3rd season of the Bundesliga

The 1965–66 Bundesliga was the third season of the Bundesliga, West Germany's premier football league. It began on 14 August 1965 and ended on 28 May 1966. Werder Bremen were the defending champions.

==Competition modus==
Every team played two games against each other team, one at home and one away. Teams received two points for a win and one point for a draw. If two or more teams were tied on points, places were determined by goal average. The team with the most points were crowned champions while the two teams with the fewest points were relegated to their respective Regionalliga divisions.

==Team changes to 1964–65==
Karlsruher SC and FC Schalke 04 would initially have been relegated for finishing in the bottom two places. However, Hertha BSC were found guilty of illegal financial behavior and, as a consequence, had their Bundesliga license revoked. The Deutscher Fußball-Bund, the governing body for football in West Germany, then decided to keep Karlsruhe and Schalke in the league and expand its size to 18 teams. Bayern Munich and Borussia Mönchengladbach were promoted after having won their respective promotion play-off groups.
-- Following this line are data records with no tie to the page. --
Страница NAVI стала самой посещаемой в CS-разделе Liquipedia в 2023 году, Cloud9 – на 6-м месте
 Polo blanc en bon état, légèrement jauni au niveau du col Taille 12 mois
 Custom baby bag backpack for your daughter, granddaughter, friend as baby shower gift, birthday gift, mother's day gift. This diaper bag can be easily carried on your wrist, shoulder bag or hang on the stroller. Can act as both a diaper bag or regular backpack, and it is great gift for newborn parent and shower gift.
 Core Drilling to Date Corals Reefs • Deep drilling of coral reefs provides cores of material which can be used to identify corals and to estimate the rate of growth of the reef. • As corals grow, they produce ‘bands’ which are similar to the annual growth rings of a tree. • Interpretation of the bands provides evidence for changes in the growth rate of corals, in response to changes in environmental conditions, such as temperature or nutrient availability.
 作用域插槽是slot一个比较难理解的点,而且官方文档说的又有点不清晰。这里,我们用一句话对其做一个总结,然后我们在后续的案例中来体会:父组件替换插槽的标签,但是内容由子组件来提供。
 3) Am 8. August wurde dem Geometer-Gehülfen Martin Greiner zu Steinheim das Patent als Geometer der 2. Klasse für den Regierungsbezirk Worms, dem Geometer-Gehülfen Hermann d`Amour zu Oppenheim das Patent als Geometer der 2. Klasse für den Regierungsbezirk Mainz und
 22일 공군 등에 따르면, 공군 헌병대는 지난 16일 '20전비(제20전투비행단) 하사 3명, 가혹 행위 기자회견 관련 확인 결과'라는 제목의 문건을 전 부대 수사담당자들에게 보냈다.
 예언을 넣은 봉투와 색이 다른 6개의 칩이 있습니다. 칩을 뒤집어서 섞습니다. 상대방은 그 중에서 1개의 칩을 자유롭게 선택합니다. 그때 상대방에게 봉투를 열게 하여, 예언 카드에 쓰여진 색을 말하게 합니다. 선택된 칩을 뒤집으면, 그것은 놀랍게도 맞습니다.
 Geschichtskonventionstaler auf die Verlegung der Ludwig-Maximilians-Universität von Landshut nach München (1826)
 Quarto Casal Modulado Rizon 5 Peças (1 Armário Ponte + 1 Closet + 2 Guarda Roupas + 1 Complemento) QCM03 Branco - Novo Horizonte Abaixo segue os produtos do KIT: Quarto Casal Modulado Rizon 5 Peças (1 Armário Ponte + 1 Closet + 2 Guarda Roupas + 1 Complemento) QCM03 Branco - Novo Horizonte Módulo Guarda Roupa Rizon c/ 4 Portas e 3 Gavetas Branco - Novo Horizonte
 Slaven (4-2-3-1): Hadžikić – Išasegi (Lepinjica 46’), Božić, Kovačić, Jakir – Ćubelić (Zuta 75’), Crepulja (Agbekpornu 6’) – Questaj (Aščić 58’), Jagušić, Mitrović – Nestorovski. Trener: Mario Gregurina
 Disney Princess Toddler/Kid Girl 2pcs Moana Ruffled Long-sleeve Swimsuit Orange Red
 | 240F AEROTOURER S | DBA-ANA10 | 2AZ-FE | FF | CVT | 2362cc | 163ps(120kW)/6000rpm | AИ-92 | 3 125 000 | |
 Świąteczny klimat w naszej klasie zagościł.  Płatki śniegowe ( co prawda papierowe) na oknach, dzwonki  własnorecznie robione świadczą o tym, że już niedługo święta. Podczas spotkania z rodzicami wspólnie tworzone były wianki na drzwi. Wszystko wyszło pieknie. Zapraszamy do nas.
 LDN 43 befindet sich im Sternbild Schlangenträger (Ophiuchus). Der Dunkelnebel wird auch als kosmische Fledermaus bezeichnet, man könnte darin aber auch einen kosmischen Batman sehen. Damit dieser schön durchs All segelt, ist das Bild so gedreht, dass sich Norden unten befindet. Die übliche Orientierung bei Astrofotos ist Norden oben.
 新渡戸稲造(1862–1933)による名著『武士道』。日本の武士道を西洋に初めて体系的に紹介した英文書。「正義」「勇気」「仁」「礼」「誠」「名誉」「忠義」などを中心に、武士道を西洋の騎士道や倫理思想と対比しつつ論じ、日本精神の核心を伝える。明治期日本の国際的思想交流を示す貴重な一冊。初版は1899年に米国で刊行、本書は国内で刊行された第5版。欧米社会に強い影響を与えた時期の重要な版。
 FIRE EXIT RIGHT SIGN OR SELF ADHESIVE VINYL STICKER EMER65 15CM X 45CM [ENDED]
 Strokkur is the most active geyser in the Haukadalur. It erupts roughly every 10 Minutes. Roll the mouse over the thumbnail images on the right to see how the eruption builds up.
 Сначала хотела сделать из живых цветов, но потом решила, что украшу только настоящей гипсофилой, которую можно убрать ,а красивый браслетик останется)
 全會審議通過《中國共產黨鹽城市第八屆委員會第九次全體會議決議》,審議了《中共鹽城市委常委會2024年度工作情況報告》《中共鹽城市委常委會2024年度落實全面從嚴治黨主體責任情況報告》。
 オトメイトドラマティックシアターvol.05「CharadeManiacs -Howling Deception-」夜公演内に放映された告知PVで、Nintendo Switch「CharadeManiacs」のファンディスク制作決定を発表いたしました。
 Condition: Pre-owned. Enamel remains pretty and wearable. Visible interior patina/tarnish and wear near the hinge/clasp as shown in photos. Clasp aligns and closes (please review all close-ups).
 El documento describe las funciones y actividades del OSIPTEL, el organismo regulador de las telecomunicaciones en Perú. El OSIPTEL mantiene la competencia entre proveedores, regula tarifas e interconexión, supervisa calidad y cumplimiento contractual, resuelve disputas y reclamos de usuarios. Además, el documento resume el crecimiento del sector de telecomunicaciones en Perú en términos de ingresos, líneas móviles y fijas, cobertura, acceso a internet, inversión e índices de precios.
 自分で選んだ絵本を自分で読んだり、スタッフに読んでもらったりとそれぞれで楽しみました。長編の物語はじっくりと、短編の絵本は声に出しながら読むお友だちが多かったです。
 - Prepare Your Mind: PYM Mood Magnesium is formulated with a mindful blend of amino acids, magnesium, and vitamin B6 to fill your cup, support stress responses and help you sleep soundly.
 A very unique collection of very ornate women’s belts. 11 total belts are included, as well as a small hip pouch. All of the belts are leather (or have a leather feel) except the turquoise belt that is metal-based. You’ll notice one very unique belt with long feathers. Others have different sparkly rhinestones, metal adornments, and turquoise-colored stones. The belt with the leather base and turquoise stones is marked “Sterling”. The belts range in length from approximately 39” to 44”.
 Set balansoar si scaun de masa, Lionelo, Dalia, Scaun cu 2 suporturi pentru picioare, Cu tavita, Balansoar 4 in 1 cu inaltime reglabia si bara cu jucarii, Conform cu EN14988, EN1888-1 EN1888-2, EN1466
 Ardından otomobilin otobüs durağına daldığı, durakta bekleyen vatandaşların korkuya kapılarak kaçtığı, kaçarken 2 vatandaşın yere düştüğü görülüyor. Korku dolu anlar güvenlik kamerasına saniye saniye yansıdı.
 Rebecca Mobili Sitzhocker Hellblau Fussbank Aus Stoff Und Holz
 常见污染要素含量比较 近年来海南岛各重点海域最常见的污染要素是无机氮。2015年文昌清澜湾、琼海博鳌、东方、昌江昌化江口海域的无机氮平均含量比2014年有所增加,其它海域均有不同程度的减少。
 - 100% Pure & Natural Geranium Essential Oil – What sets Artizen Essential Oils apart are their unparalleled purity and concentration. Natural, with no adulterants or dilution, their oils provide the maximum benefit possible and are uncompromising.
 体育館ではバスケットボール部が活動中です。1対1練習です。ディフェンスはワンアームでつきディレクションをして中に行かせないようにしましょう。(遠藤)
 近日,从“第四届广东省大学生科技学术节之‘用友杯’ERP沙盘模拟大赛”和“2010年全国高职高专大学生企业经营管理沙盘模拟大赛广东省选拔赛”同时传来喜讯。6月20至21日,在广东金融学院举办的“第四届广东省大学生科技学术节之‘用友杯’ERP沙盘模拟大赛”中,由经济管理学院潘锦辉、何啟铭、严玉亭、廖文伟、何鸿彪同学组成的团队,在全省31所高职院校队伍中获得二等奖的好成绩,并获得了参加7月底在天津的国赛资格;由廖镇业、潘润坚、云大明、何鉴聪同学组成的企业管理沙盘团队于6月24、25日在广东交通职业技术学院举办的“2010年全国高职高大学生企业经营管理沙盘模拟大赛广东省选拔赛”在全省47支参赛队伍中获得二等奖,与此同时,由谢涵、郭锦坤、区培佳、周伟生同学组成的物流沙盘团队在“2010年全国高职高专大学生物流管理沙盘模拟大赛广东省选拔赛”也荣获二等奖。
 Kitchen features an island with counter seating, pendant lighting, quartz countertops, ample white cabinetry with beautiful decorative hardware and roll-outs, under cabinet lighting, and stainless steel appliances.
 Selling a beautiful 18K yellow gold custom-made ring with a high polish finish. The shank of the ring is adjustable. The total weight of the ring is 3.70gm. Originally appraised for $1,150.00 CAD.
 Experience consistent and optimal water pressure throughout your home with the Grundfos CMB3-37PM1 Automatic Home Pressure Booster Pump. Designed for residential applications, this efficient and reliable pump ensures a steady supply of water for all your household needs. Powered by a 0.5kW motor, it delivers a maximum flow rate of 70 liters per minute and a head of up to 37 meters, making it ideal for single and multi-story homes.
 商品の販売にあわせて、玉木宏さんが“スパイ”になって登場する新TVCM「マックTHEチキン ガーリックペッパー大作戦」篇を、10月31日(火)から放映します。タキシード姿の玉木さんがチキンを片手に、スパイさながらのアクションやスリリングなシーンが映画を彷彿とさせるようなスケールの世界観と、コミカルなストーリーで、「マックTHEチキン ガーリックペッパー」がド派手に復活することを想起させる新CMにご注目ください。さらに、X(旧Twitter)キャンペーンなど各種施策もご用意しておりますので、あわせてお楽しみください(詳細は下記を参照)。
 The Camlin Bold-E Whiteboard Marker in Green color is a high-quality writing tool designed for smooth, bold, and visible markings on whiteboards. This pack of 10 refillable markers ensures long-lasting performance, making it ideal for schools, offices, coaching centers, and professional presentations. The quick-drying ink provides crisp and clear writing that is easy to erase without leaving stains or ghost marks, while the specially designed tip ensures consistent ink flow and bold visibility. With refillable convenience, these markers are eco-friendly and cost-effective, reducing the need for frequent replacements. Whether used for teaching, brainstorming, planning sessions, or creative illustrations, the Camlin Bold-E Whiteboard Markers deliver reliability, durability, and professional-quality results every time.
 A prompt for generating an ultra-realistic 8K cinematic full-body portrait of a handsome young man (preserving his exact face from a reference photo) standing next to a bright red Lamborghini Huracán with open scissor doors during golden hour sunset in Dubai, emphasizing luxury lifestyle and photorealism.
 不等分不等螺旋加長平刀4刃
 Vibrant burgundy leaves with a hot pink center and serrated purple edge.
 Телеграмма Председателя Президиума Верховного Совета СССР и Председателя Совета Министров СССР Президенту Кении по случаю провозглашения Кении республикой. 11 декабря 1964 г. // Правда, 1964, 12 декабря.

In order to still have a representative from West Berlin in the league, the amateur side Tasmania 1900 Berlin were also granted promotion.

==Season overview==
The 1965–66 season was the inaugural season for two of the most successful clubs regarding league titles in Bundesliga history, Borussia Mönchengladbach and Bayern Munich. It was also the first time that a city had two clubs in the Bundesliga. Bayern were a title contender for large parts of the season, but eventually were held short three points by their cross-town rivals 1860, who won their first championship. Nevertheless, the newcomers had something to celebrate as well, as they won the DFB Cup one week after the end of the season, which they finished in third place.

Borussia Dortmund finished in second place, ahead on goal average to Bayern Munich. They also had huge title chances until late in the season, but were beaten 2–0 at home by 1860 on the second-to-last match day. However, Dortmund did not end the season without a title as well, as they beat Liverpool 2–1 after extra time in the UEFA Cup Winners' Cup final at Glasgow's Hampden Park three days earlier. It marked the first time that a German club had won a European championship.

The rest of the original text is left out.